The nice thing about this approach is that it allows stopping the recursion depending on a different hueristic than being below the maximum level. As an example, the distance from the camera and the visibility in the viewport could be used. 😉 For actual planet rendering, the entire thing should be placed in some sort of tree hierachy, but for now this works.

I also tested the real time updating of the vertex buffer with the most simple approach (simply rebinding it). When changing the buffer, actually recursively generating the geometry takes the longest time. When taking out this step (while still rebinding the vertex buffer), I was able to send nearly a million triangles to the GPU (NVidia Quadro K3100M, Intel i7-4700MQ) at around 180fps. Without rebinding the buffer those triangles ran at around 550 fps. I was quite impressed with the amount of data I was able to push to the gpu, by an extension of these measurments I could probably send one triangle per pixel to the gpu every frame and stay above 60fps.runtime updates opengl vertex buffer binding planet rendering program

Of course, spending all of the performance on streaming vertices is less than ideal, since in a real world application a lot more calculations need to be done apart from terrain generation (not to mention actually generating the vertex data which was not done every frame here). It is defenitly not necessary to have one triangle represent every pixel though. If every triangle covers a 5- 10 pixel square it should still be enough to represent curves rather nicely, and for areas that do not form silhouttes from the camera perspective even less vertex detail is necessary since a lot can be done with nice shaders and textures.

On top of that, most modern algorithms I have been researching for terrain rendering use some approach that is hybrid of performing LOD calculations and having patches of precalculated data as a form of minimizing the amount of bandwidth that is used.

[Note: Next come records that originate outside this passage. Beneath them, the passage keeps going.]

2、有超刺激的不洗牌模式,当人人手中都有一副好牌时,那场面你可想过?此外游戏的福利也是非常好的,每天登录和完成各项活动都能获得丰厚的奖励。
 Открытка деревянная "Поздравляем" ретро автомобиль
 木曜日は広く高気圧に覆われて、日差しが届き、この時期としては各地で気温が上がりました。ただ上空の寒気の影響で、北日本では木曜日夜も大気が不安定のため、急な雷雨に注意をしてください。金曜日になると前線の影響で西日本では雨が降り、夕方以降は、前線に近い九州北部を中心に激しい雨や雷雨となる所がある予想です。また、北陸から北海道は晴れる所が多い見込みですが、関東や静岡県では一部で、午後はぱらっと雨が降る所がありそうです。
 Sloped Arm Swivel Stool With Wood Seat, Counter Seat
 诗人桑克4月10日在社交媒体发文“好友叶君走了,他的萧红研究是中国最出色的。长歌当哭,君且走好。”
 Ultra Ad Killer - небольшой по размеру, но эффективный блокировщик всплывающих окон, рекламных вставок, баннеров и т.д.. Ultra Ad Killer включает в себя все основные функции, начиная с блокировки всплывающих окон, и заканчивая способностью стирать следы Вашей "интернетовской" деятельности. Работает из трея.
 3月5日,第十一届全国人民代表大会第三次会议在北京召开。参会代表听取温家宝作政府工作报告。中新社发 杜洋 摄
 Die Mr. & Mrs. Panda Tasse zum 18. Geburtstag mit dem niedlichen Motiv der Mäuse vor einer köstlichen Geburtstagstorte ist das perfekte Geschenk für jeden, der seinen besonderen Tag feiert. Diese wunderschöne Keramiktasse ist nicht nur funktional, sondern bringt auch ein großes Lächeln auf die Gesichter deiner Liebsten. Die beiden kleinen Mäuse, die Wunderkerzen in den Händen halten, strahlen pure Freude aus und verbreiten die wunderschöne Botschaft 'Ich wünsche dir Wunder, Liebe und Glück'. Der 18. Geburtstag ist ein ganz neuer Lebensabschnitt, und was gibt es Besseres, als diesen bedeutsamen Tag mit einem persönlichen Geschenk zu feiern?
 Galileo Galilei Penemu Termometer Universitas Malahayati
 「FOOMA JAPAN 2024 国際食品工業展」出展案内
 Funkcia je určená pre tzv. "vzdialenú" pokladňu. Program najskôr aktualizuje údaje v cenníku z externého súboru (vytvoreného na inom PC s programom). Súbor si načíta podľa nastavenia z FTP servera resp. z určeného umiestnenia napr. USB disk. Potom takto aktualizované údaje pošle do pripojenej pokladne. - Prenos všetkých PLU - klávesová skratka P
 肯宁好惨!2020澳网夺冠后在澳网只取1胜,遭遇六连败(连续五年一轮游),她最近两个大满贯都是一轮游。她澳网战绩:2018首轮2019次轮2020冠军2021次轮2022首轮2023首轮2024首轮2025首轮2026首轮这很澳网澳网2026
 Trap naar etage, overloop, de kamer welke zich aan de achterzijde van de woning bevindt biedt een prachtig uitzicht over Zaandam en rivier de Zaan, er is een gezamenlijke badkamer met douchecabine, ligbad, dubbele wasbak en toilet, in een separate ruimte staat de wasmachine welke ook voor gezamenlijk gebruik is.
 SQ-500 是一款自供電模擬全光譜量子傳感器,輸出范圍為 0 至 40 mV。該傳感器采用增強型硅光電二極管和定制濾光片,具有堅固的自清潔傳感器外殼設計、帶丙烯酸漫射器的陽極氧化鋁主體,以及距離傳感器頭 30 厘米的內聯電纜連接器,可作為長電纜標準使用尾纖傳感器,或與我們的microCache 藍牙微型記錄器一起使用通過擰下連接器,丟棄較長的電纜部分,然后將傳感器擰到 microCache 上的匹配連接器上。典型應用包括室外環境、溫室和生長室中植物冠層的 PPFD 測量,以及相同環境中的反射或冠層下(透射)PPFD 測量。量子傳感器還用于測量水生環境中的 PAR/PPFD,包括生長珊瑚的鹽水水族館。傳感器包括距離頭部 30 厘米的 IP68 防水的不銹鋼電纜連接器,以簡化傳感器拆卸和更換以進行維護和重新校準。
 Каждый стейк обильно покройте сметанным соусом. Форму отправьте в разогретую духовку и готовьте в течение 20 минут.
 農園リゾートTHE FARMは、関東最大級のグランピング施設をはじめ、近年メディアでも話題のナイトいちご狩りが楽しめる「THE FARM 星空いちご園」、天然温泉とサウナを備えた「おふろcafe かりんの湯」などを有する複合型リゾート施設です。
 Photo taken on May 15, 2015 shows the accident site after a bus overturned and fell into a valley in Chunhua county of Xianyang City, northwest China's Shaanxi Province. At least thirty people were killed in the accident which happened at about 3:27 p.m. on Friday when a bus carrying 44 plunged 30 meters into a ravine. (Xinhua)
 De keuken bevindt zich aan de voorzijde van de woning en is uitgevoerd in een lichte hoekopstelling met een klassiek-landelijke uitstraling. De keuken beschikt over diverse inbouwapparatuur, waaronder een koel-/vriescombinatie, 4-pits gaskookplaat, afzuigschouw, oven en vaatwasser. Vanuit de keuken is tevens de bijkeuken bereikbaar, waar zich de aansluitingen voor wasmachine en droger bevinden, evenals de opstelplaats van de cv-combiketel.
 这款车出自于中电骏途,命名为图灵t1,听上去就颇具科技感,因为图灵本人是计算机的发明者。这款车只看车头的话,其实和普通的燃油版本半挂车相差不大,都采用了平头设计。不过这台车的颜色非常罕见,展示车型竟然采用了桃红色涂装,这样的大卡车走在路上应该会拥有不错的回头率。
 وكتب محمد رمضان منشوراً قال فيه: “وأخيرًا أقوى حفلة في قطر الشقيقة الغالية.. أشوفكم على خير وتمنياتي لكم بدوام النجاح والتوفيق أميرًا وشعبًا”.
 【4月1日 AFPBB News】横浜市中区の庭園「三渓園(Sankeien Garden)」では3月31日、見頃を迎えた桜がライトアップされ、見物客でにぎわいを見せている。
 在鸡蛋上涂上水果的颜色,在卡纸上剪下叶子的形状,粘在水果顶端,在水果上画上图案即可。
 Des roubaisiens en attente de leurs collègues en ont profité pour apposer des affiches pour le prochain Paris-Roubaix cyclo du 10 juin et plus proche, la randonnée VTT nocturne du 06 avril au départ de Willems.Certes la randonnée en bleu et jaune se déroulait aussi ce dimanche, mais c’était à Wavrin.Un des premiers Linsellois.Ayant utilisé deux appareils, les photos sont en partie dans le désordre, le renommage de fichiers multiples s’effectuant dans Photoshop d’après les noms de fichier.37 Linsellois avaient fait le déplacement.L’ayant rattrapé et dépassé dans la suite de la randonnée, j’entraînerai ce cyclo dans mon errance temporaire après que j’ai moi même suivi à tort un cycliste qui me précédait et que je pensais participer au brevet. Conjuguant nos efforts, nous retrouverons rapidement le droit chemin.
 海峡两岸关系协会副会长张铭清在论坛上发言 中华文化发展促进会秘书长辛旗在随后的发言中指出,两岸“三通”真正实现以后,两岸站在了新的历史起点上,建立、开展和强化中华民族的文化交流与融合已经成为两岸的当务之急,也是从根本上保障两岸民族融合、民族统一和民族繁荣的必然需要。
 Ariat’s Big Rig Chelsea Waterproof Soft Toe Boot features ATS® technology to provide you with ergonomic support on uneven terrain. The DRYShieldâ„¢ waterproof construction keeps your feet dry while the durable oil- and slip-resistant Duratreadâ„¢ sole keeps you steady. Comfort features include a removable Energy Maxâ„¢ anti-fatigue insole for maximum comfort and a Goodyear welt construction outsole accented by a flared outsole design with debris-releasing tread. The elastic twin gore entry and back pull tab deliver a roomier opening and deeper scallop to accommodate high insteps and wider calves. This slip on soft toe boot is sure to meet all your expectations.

This is done because, as I demonstrated earlier, the main performance killer is not having a lot of triangles on screen, but sending a lot of them from the cpu to the gpu, and having predefined patches is an effective way of reducing the amount of data that needs to be sent (for instance with an index list). It is not inconcievable to even generate low level details with a geometry or tesselation shader on the gpu to minimize that effect where it doesnt affect things like collision anymore.

I have noticed that there are two ways of dealing with low resolution details. The first is putting a lot of terrain data into paged files on the harddrive and streaming in the necessary data when the resolution is needed, and the second is procedural generation. Since I am researching planet renering for the usage in games, holding detailed information about entire planets is probably an impractical solution to persue, since  a lot of game applications will require moving between a multitude of planets, and storing all that data will be likely to be inconvenient for both users and developers. Therefore it seems more adequate to either generate the planets completely procedurally or have some low resolution data and use procedural refinement at lower altitudes. This doesnt throw low resolution data completely out of the window, since it might still be useful to be able to add detailed modifications in specific positions (though a lot of that could be achieved by loading specific meshes at certain distances).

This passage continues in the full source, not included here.